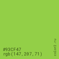 Цвет #93CF47 в цветовой модели RGB обозначается тремя октетами (147, 207, 71) в десятичном формате и #93CF47 в шестнадцатиричном (hex) формате, которые являются интенсивностью красного 147 (hex 93), интенсивность зелёного 207 (hex CF) и интенсивность синего 71 (hex 47).
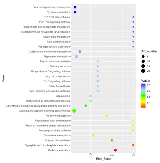 The KEGG pathway enrichment analysis showed that different metabolites were enriched in “carbon metabolism”, “glyoxylate and dicarboxylate metabolism”, “fatty acid biosynthesis”, “glutathione metabolism”, the “pentose phosphate pathway”, “porphyrin metabolism”, the “biosynthesis of alkaloids derived from histidine and purine”, “fat digestion and absorption”, and “fatty acid elongation” (Figure 6).
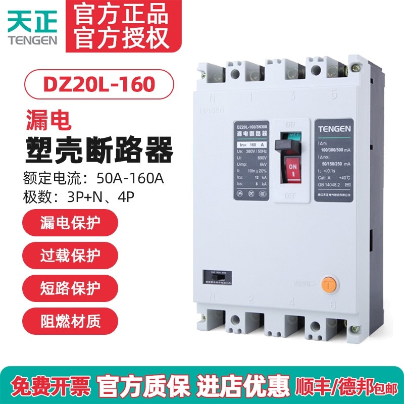 📚 TENGEN天正 DZ20L-160/3N300 160A漏电塑壳断路器三相四线380开关
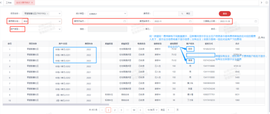 6、【欠费明细】:可查询至欠费截止日期,对应资产开始费用期月份到结束费用期月份的所有欠费明细。
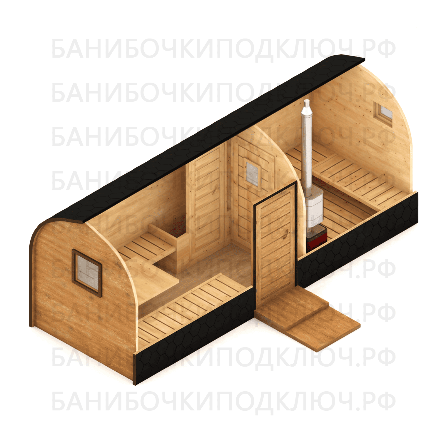 Баня парус 6 x 2,3 м в комплектации "ЛЮКС"
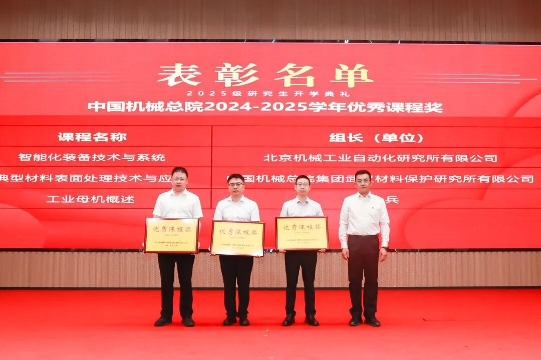 典礼上,王德成、李玉鑫及导师代表共同为新生佩戴总院徽章。这枚徽章不仅象征着中国机械总院人的身份,更承载着“以提升中国装备制造水平为己任”的使命与荣光。优秀导师奖、最受欢迎教师奖、新生入学奖学金和优秀课程奖获奖代表上台领奖。新生代表手捧鲜花向导师们献上诚挚敬意与节日祝福,表达莘莘学子的感激之情。
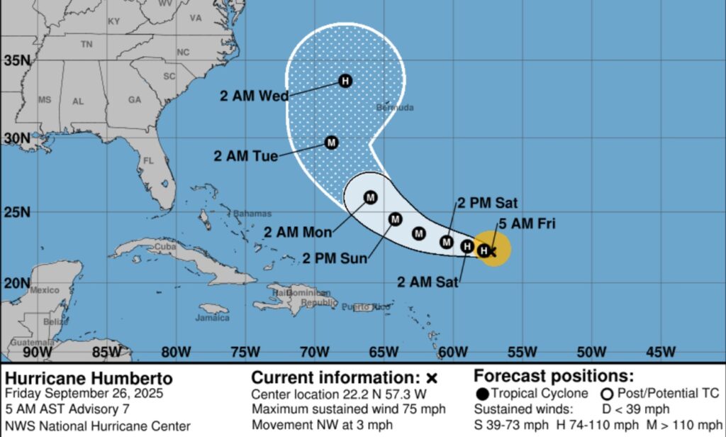 Humberto is growing stronger in the Atlantic and could eventually become a major hurricane over the weekend.
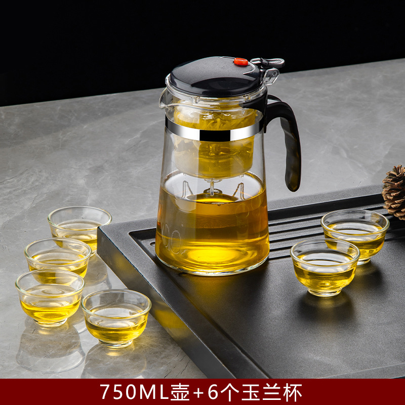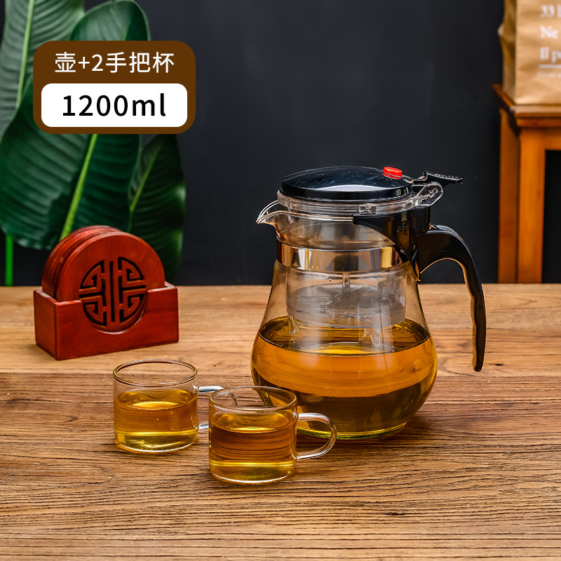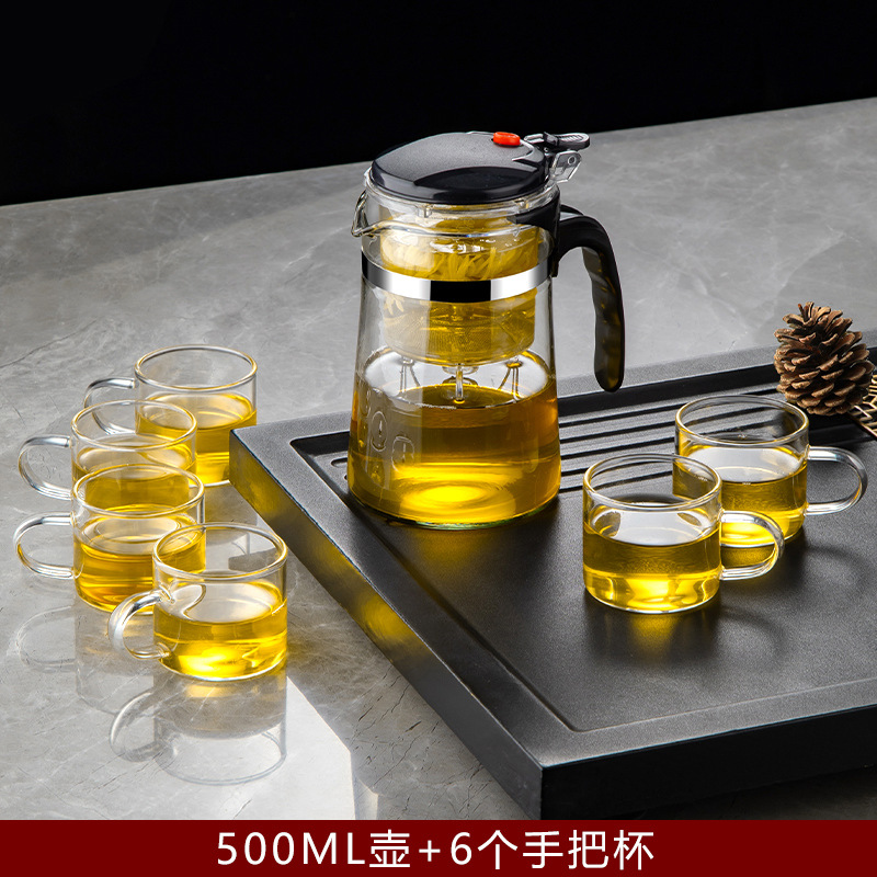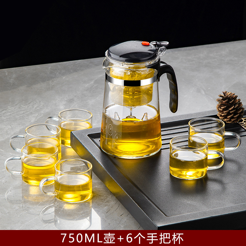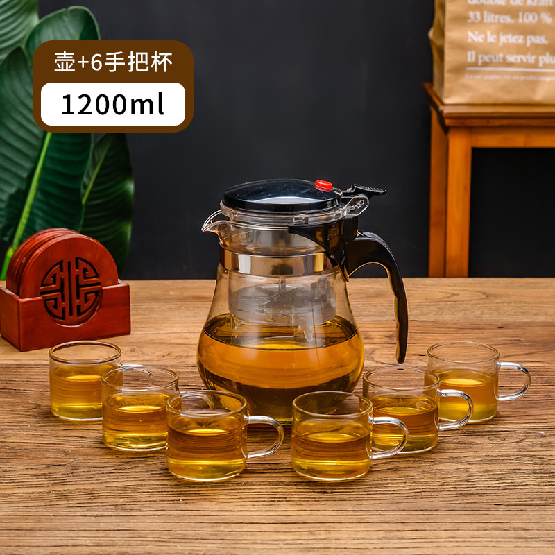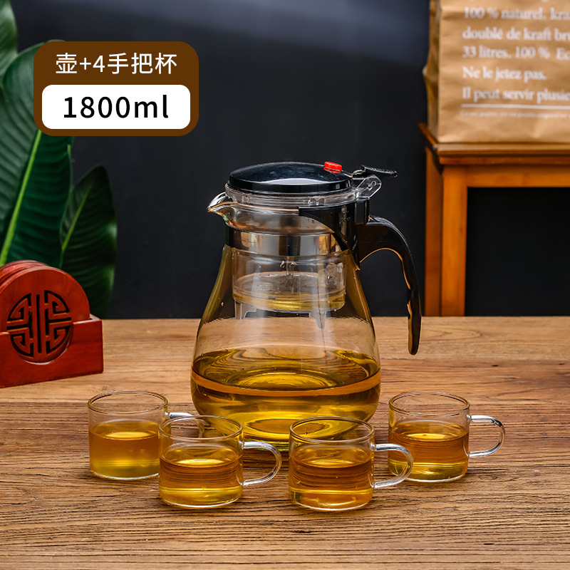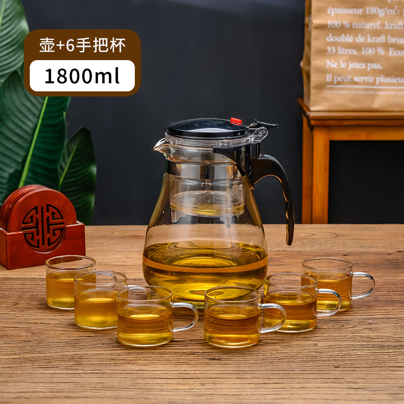 1800 мл утолщённый элегантный чайник + 6 чашек с ручками [фильтрация одним нажатием].
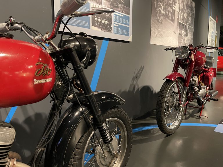 Si parte dalla Isothermos, realtà rilevata da Renzo Rivolta e dedicata, tra gli anni Trenta e Quaranta, alla produzione di refrigeratori e riscaldatori, passando successivamente alla produzione di scooter e moto, rappresentati in mostra dal grande successo dell’Iso 125 Isoscooter (1949) e dell’Isomoto 125 (1952). A coronare il duetto anche una Isomoto con sidecar prodotta nel 1954 dalla consociata “Borgward Iso Española”.
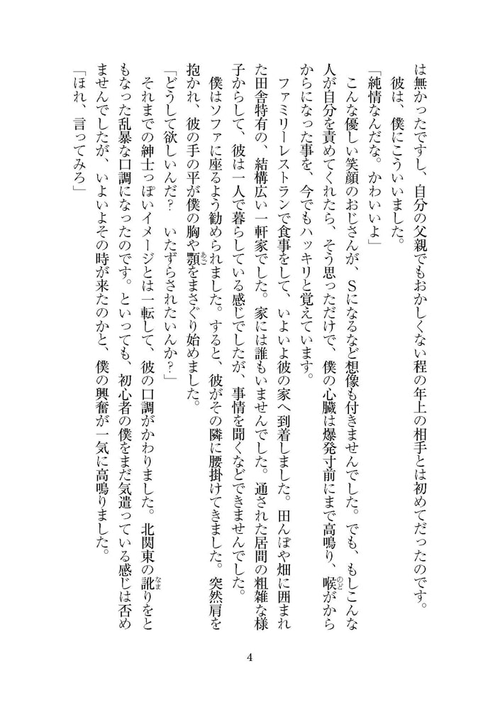 何度かの手紙や電話のやり取りで、優しそうな年上の男性と初対面を果たす。ファミレスで食事をしてから、彼の家へ招かれて…。
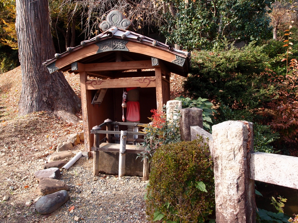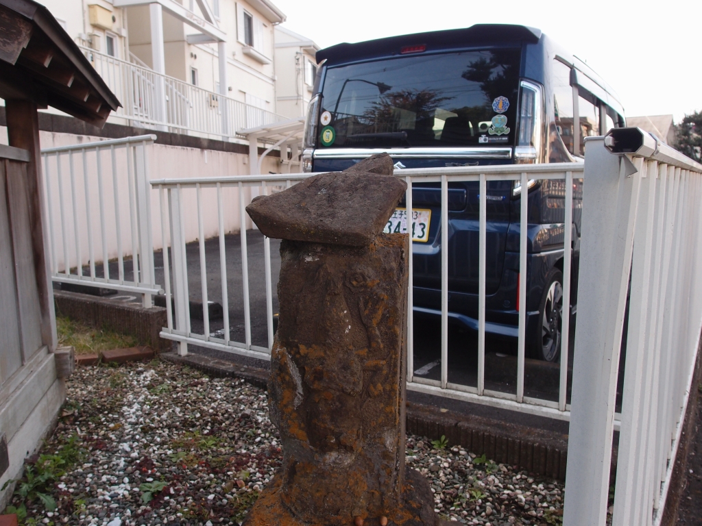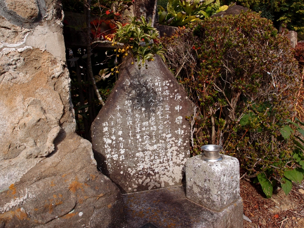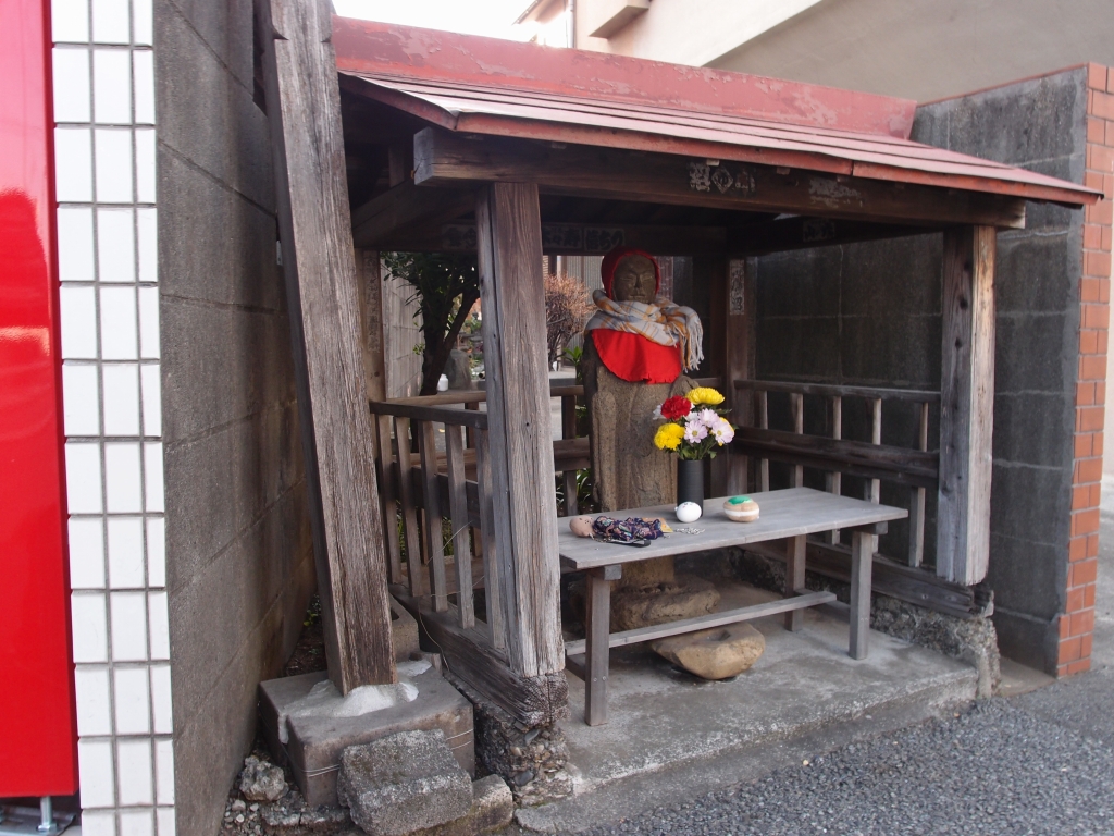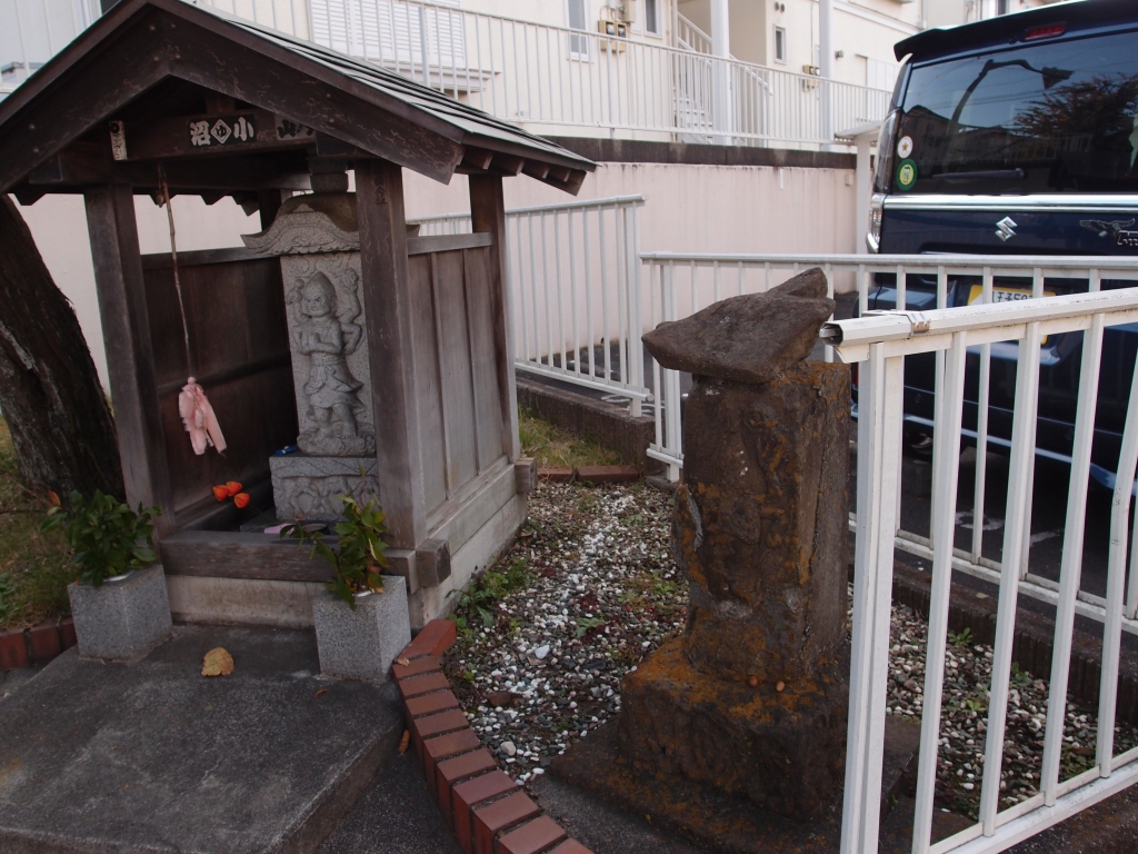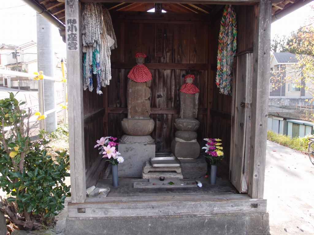 共に古道の都道506号線と市道243の交差点近くの月見橋の袂には地蔵尊が祀られている。

· · ·

Task item.
Repeat the records above exactly, from the first line through the line that contains "1800 мл утолщённый", and leave out the pictures.

Response area.
 Цвет #93CF47 в цветовой модели RGB обозначается тремя октетами (147, 207, 71) в десятичном формате и #93CF47 в шестнадцатиричном (hex) формате, которые являются интенсивностью красного 147 (hex 93), интенсивность зелёного 207 (hex CF) и интенсивность синего 71 (hex 47).
 The KEGG pathway enrichment analysis showed that different metabolites were enriched in “carbon metabolism”, “glyoxylate and dicarboxylate metabolism”, “fatty acid biosynthesis”, “glutathione metabolism”, the “pentose phosphate pathway”, “porphyrin metabolism”, the “biosynthesis of alkaloids derived from histidine and purine”, “fat digestion and absorption”, and “fatty acid elongation” (Figure 6).
 📚 TENGEN天正 DZ20L-160/3N300 160A漏电塑壳断路器三相四线380开关
 6、【欠费明细】:可查询至欠费截止日期,对应资产开始费用期月份到结束费用期月份的所有欠费明细。
 Баня парус 6 x 2,3 м в комплектации "ЛЮКС"
 典礼上,王德成、李玉鑫及导师代表共同为新生佩戴总院徽章。这枚徽章不仅象征着中国机械总院人的身份,更承载着“以提升中国装备制造水平为己任”的使命与荣光。优秀导师奖、最受欢迎教师奖、新生入学奖学金和优秀课程奖获奖代表上台领奖。新生代表手捧鲜花向导师们献上诚挚敬意与节日祝福,表达莘莘学子的感激之情。
 Humberto is growing stronger in the Atlantic and could eventually become a major hurricane over the weekend.
 1800 мл утолщённый элегантный чайник + 6 чашек с ручками [фильтрация одним нажатием].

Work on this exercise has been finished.